Before the end of the day, a budget-busting, deficit-hiking, $2.7 trillion spending deal will probably be on its way to President Donald Trump's desk, and he appears willing to sign it.
But you wouldn't know about that if you watched this week's Democratic primary debates.
The Senate is poised for a final vote on the budget deal later Thursday—the bill cleared the House with bipartisan support last week, after Speaker Nancy Pelosi (D–Calif.) and Treasury Secretary Steve Mnuchin hammered out the details last month. The two-year, $2.7 trillion budget deal hikes federal spending by about $320 billion annually and is estimated to add about $1.7 trillion to the national debt over the next decade. It also shatters budget caps. It actually hikes spending above the pre-sequester baseline that was in place prior to the 2011 budget deal, which temporarily reduced federal spending and brought an end to trillion-dollar deficits for a few years.
That Senate vote was supposed to take place Wednesday, but was postponed a day amid rumors that Senate Majority Leader Mitch McConnell (R–Ky.) was having a difficult time getting a majority of his caucus to back the plan, Politico reported yesterday. Under longstanding unwritten Senate rules, a so-called "majority of the majority" must approve of legislation in behind-closed-doors meetings before it will be brought to the floor.
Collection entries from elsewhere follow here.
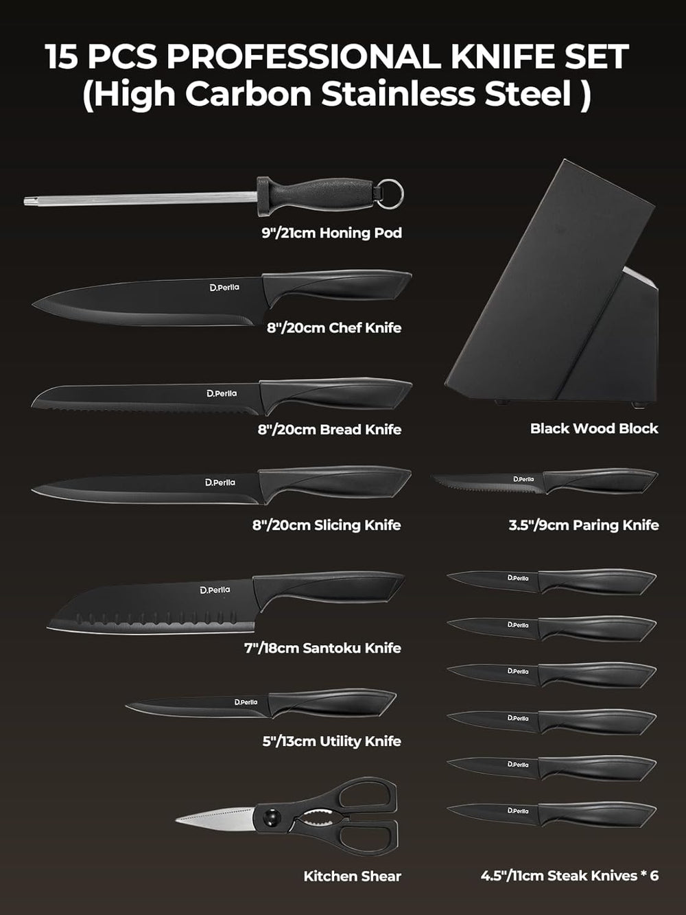 - Messerblock Set für Jeden Küchenbedarf: Der D.Perlla Messerblock ist der ideale Messerblock für Einsteiger und Hobbyköche. Der Set besteht aus einem Messerblock aus holz, einem Kochmesser 20CM, einem Fleischmesser 20CM, einem Brotmesser mit
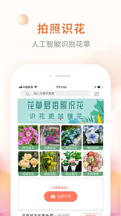 花草君是一款集 拍照识花、植物大全、靠谱店铺、花卉园艺、优惠快抢等内容于一体的拍照识花君APP.让爱花的人不但可以利用先进的人工智能技术识别花草,还可以学习多肉植物花卉园艺知识,网上购买价格更便宜的花卉、园艺、多肉植物等等商品。
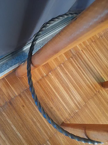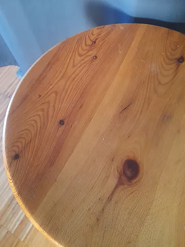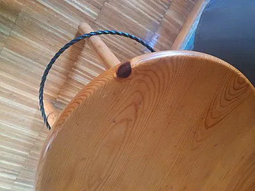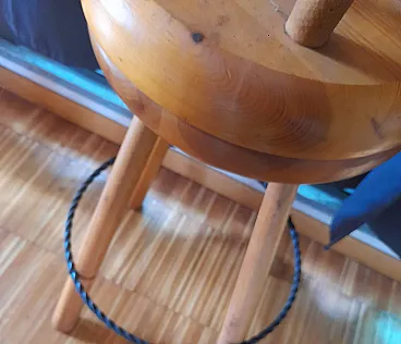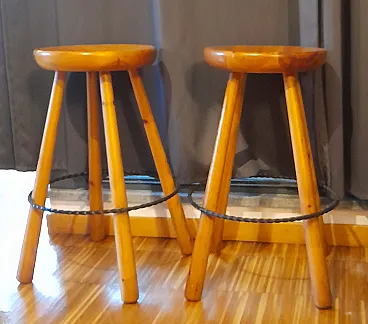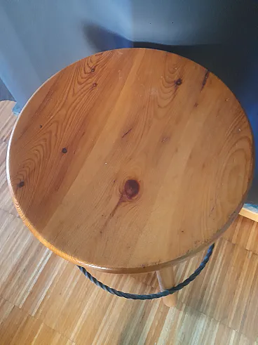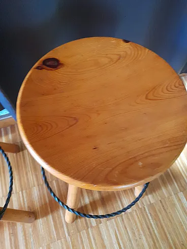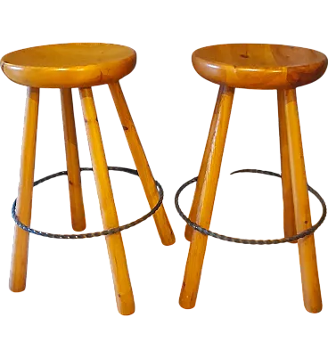 Due Sgabelli in massello di legno di pino nello stile di Charlotte Perriand alto 75 cm, con profilo di ferro attorcigliato per irrigidimento gambi, usati, ma in ottime condizioni, qc segno sulla seduta diametro 37 cm. La larghezza alla base è 45 cm, lo sgabello pesa 7 kg. Ritiro necessario per via del peso e dell’ingombro.
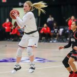 - Junior guard Paige Emborsky attempts a three-pointer. (Photo by David Mitchell)
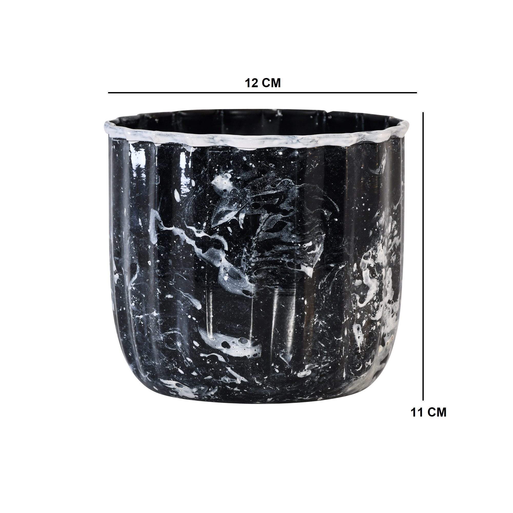 Fluted Black Marble Planter with White Wavy Rim
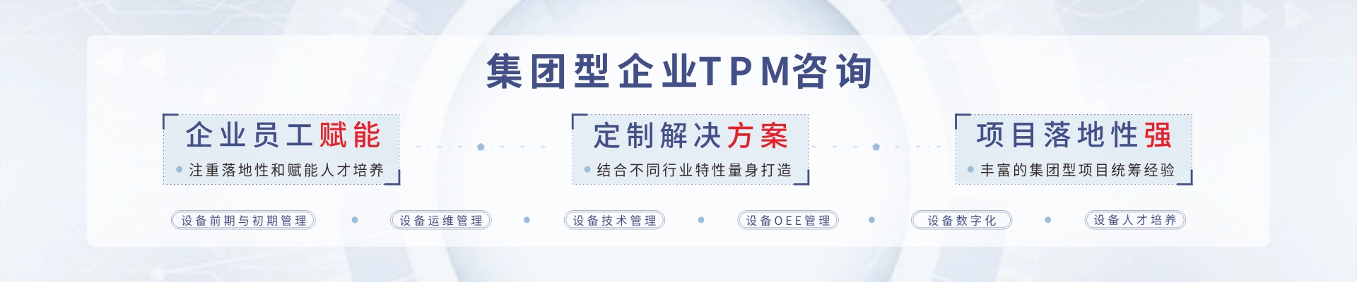 02 具備同行背景、設備專業背景的PM咨詢顧問 與AM咨詢顧問相結合輔導模式 博革咨詢TPM推進采取“自主維護”+“專業維護”雙軌制的模式;PM的咨詢老師具有設備管理專業背景(設備工程師/電氣工程師/二級技師/PLC工程師/中國設備協會會員等),在大型企業設備總監/經理的從業經歷,并具有大型線纜行業經驗,擅長解決設備專業難題;AM的咨詢老師擅長自主維護標準和流程管理,營造全員改善氛圍,提升設備維護技能等。 | ![]() |
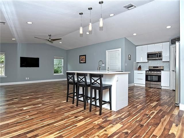 Large 4 Bed, 3 Full Baths, Has Two Master Bedrooms & One of a kind Large One Story Home for the neighborhood. Nearly-new construction down to the studs in Allandale Estates near The Domain & Whole Foods off Steck Ave. Open floor plan with brand new kitchen, Silestone surfaces, Samsung appliances, walk-in pantry & large island with bar. Brazilian Acacia Wood Floors throughout main areas and master wing. Bathrooms feature modern vanities and tile. Master suite includes double vanity, huge walk-in shower, and walk-in closet. Vaulted ceilings, modern lighting & updated plumbing fixtures. Over-sized, private backyard with large deck for entertaining. Newer HVAC, tank-less water heater,newer insulation & much more.
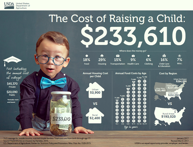 According to the USDA, parents in urban environments are spending 27% more per child than those in rural areas with their greatest cost being housing and food. You’ll find in the same report that higher-income families are also spending more per child seemingly to keep up with their peers and the rising expectations on parents (pressure that we’re putting on ourselves), spending more on schooling and miscellaneous costs than other families. It’s clear that parents are making the cost of raising a child more expensive than necessary, with higher-income families expected to spend, on average, more than twice the amount of families in the lower-income group.
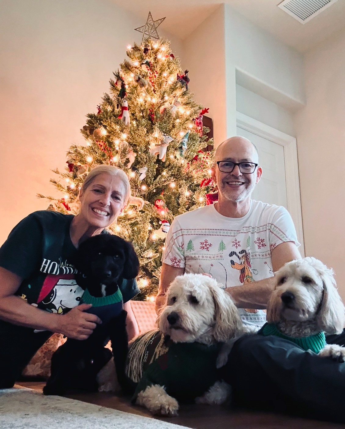 As parents of four children and grandparents to ten grandchildren, Bob and Stephanie have passed their love for dogs on to multiple generations. Dogs have always been woven into the fabric of their family life, teaching responsibility, companionship, and unconditional love. Today, they share their home with three beloved Golden Doodles—Magnolia, Basil, and Zeb—who embody the joy and loyalty they hope every family will experience. Their greatest desire is to help others discover the same lifelong companionship and happiness that a well-raised family dog has brought to their own home. 🐾

So there's a sliver a hope for fiscal sanity in Washington, D.C., today, with some prominent conservatives openly opposing the deal. Sen. Mitt Romney (R–Utah) says he will vote against the plan because it "perpetuates fiscal recklessness." Both senators from Florida, Marco Rubio and Rick Scott, are on the record in opposition. So are Sen. Mike Lee (R–Utah) and Sen. Pat Toomey (R–Penn.), both well-known as fiscal conservatives.
It's more likely that the eventual vote will be, as Sen. Rand Paul (R–Ky.) said Wednesday on the Senate floor, "the last nail in the coffin" of the Tea Party—the grassroots conservative movement that sprung up a decade ago to oppose higher spending and bigger deficits, only to be largely subsumed into the Trump takeover of the GOP. Paul also plans to vote against the plan.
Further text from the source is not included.